Oxy plans to reach 85% of its near-term $4.5 billion debt reduction target by the end of the third quarter.
Civitas Resources was a big M&A buyer last year in the Permian Basin, where the Colorado-based operator pumped nearly $7 billion into acquisitions.
Civitas had previously committed to returning at least 50% of its quarterly free cash flow as a variable investor return, after a $0.50 /share base dividend. And the company has been well ahead of its 50% target due to participating in selling shareholder offerings, Sorbara said.
As of the start of the third quarter, Civitas’ variable return of capital has been provided through a combination of common stock repurchases and dividends. The board determines how capital is allocated between the two buckets, but Civitas said it will stay at the 50% threshold.
The remaining 50% of free cash flow, after the base dividend, will support reducing debt on Civitas’ balance sheet, company executives said during second-quarter earnings.
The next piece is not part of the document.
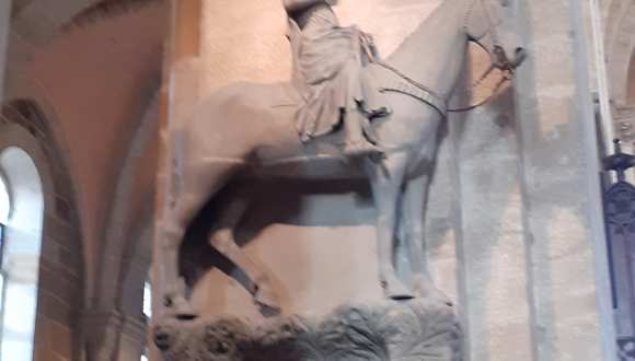 Die aus dem 13. Jahrhundert stammende Reiterstatue ist nach der Beschreibung die älteste erhaltene mittelalterliche Plastik eines Reiters, aber weder der Künstler, der sie geschaffen hat, noch der Herrscher, den sie darstellt, scheint bekannt zu sein. Zumindest gibt es so viele Deutungsversuche, dass man seine Zweifel an jedem einzelnen haben kann. Also erfreut man sich einfach an der schönen Figur, die im Dom steht.
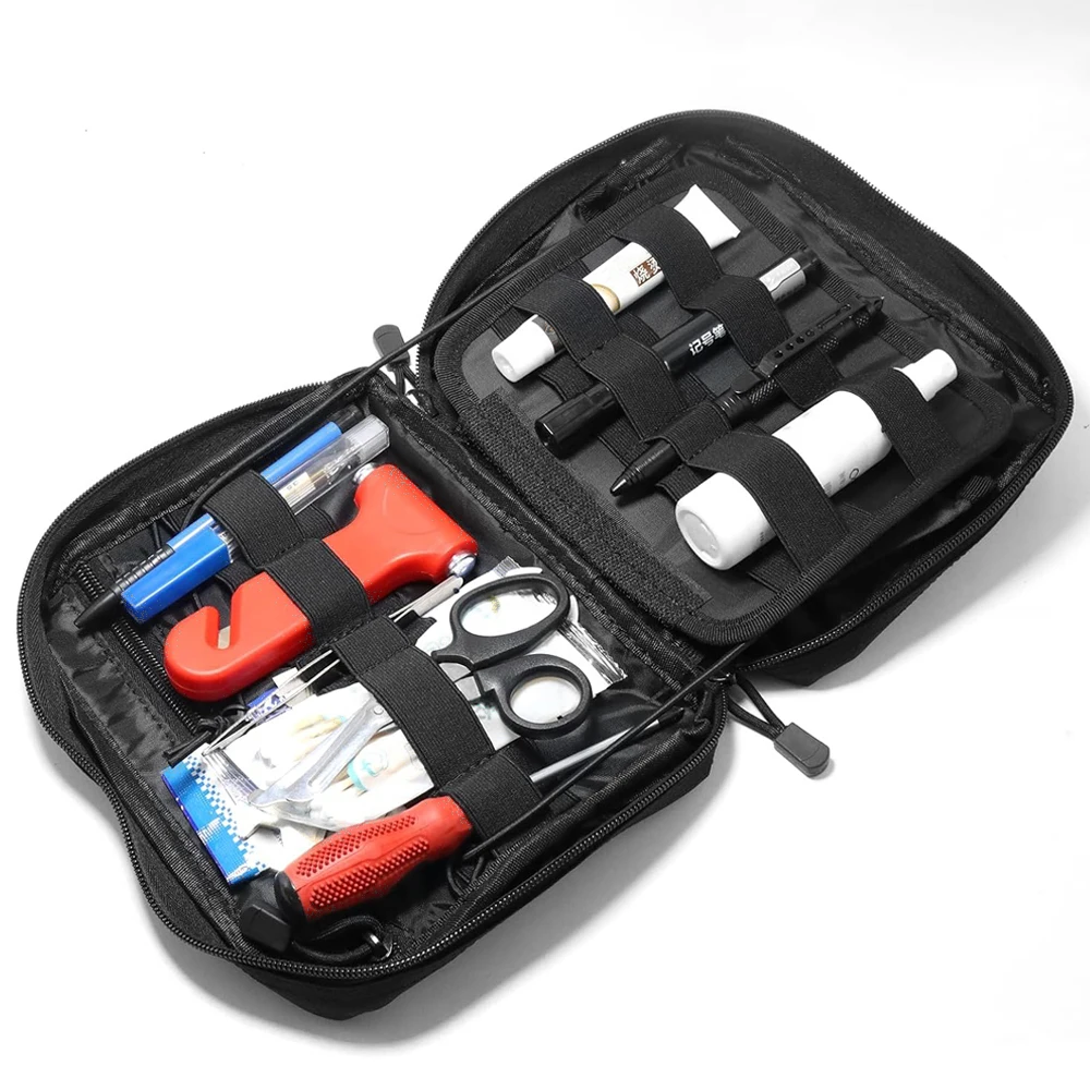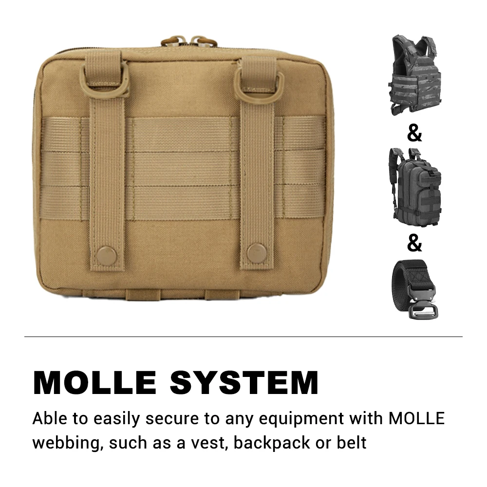 La bolsa de primeros auxilios médica EMT está equipada con un sistema MOLLE, que permite fijarla a cinturones de combate, mochilas, chalecos tácticos, paneles MOLLE para vehículos u otras plataformas MOLLE.Es adecuado para actividades como ciclismo, camping, senderismo, caza y pesca.En actividades al aire libre, se debe dar prioridad a la seguridad.Todo el equipo necesario para exteriores debe prepararse antes de la salida.Esperamos que nuestra bolsa organizadora médica se convierta en su mejor opción para aventuras al aire libre.

As part of the updated returns framework, the Civitas board boosted the company’s share buyback authorization up to $500 million, a 75% increase over its authorization remaining under the previous program.
Civitas is prioritizing share buybacks due to the “continued disconnect” with how the company is valued and traded compared to its peers in the market, CEO Chris Doyle said during the company’s second-quarter earnings call.
The price of its shares doesn’t reflect Civitas’ value in the prolific Permian Basin, nor the value of the company’s legacy Denver-Julesburg Basin operations, Doyle argues.
“You’ve got a business here that’s executing on really high-quality assets trading at a 20% free cash flow yield,” Doyle said on the call. “That's a super compelling opportunity as we see it. That’s driving the change.”
APA Corp., parent company of Apache, is also hot on the divestment trail to repay debt after closing a $4.5 billion acquisition of Callon Petroleum in April.
“The ones that have had to issue debt of any kind, they’ve been very specific about what they are going to divest,” Stellar at BOK said.